TheAncientGeek comments on Self-Congratulatory Rationalism - Less Wrong

51 Post author: ChrisHallquist 01 March 2014 08:52AM

You are viewing a comment permalink. View the original post to see all comments and the full post content.

Comments (395)

You are viewing a single comment's thread. Show more comments above.

Comment author: TheAncientGeek 17 August 2015 06:46:17PM *  1 point [-]

Ie, its a defeasible assumption. If you fail, you have evidence that it was a dumb comment. Ift you succeed, you have evidence it wasn't. Either way, you have evidence, and you are not sitting in an echo chamber where your beliefs about people's dumbness go forever untested, because you reject out of hand anything that sounds superficially dumb, .or was made by someone you have labelled , however unjustly,as dumb.

Comment author: Lumifer 17 August 2015 08:14:18PM 1 point [-]

your beliefs about people's dumbness go forever untested

That's fine. I have limited information processing capacity -- my opportunity costs for testing other people's dumbness are fairly high.

In the information age I don't see how anyone can operate without the "this is too stupid to waste time on" pre-filter.

Comment author: TheAncientGeek 18 August 2015 07:37:28AM 0 points [-]

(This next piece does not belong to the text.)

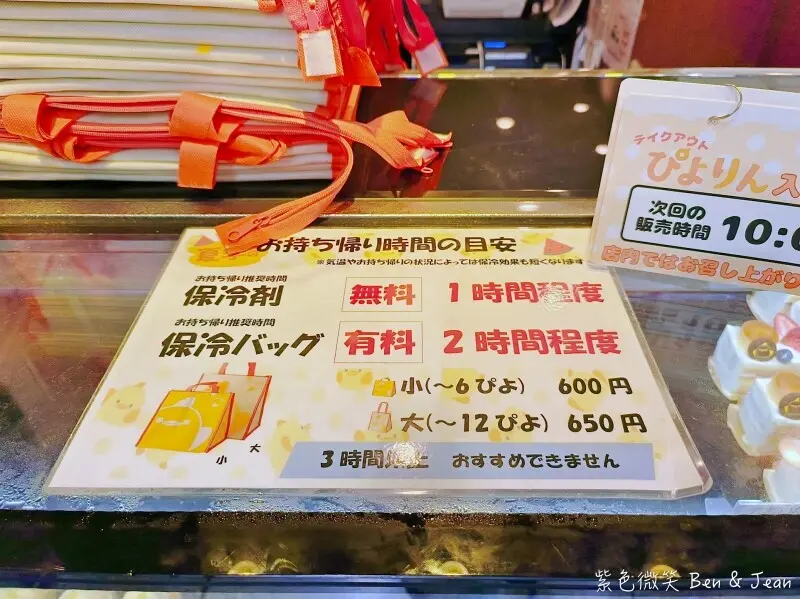 購買的時候店家會貼心的問要多久後才會吃,一小時間內有無料保冷劑,二小時左右的就多付點小錢囉
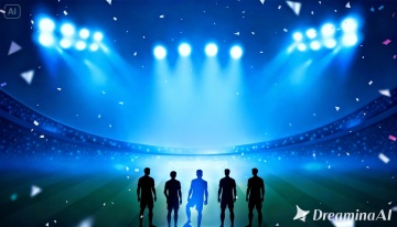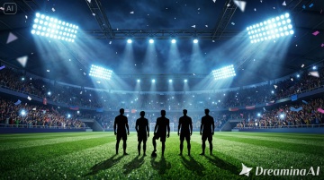 写实风格,高清摄影,特写镜头,一个黑白相间的足球置于前景的绿色足球场上,草叶纹理清晰可见,草尖带有露珠反光,背景是大型圆形露天足球场,观众席坐满观众,球员们在场地中模糊跑动,身着红色球衣,阳光明媚,天空湛蓝,带有少量白云,体育场灯光亮起,光线从斜上方照射,足球表面有高光和阴影,整体氛围充满活力与竞技感,画面层次分明,色彩鲜艳,细节丰富,具有强烈的临场感和真实质感。

The PoC tends to be advised in the context of philosophy, where there is a background assumption of infinite amounts of time to consider things, The resource-constrained version would be to interpret comments charitably once you have, for whatever reason, got into a discussion....with the corollary of reserving some space for "I might be wrong" where you haven't had the resources to test the hypothesis.

Comment author: Lumifer 18 August 2015 02:20:53PM *  0 points [-]

background assumption of infinite amounts of time to consider things

LOL. While ars may be longa, vita is certainly brevis. This is a silly assumption, better suited for theology, perhaps -- it, at least, promises infinte time. :-)

If I were living in English countryside around XVIII century I might have had a different opinion on the matter, but I do not.

interpret comments charitably once you have, for whatever reason, got into a discussion

It's not a binary either-or situation. I am willing to interpret comments charitably according to my (updateable) prior of how knowledgeable, competent, and reasonable the writer is. In some situations I would stop and ponder, in others I would roll my eyes and move on.

Comment author: TheAncientGeek 19 August 2015 06:50:35AM 0 points [-]

Users report that charitable interpretation gives you more evidence for updating than you would have otherwise.

Comment author: TheAncientGeek 25 August 2015 09:40:44AM 0 points [-]

Are you already optimal? How do you know?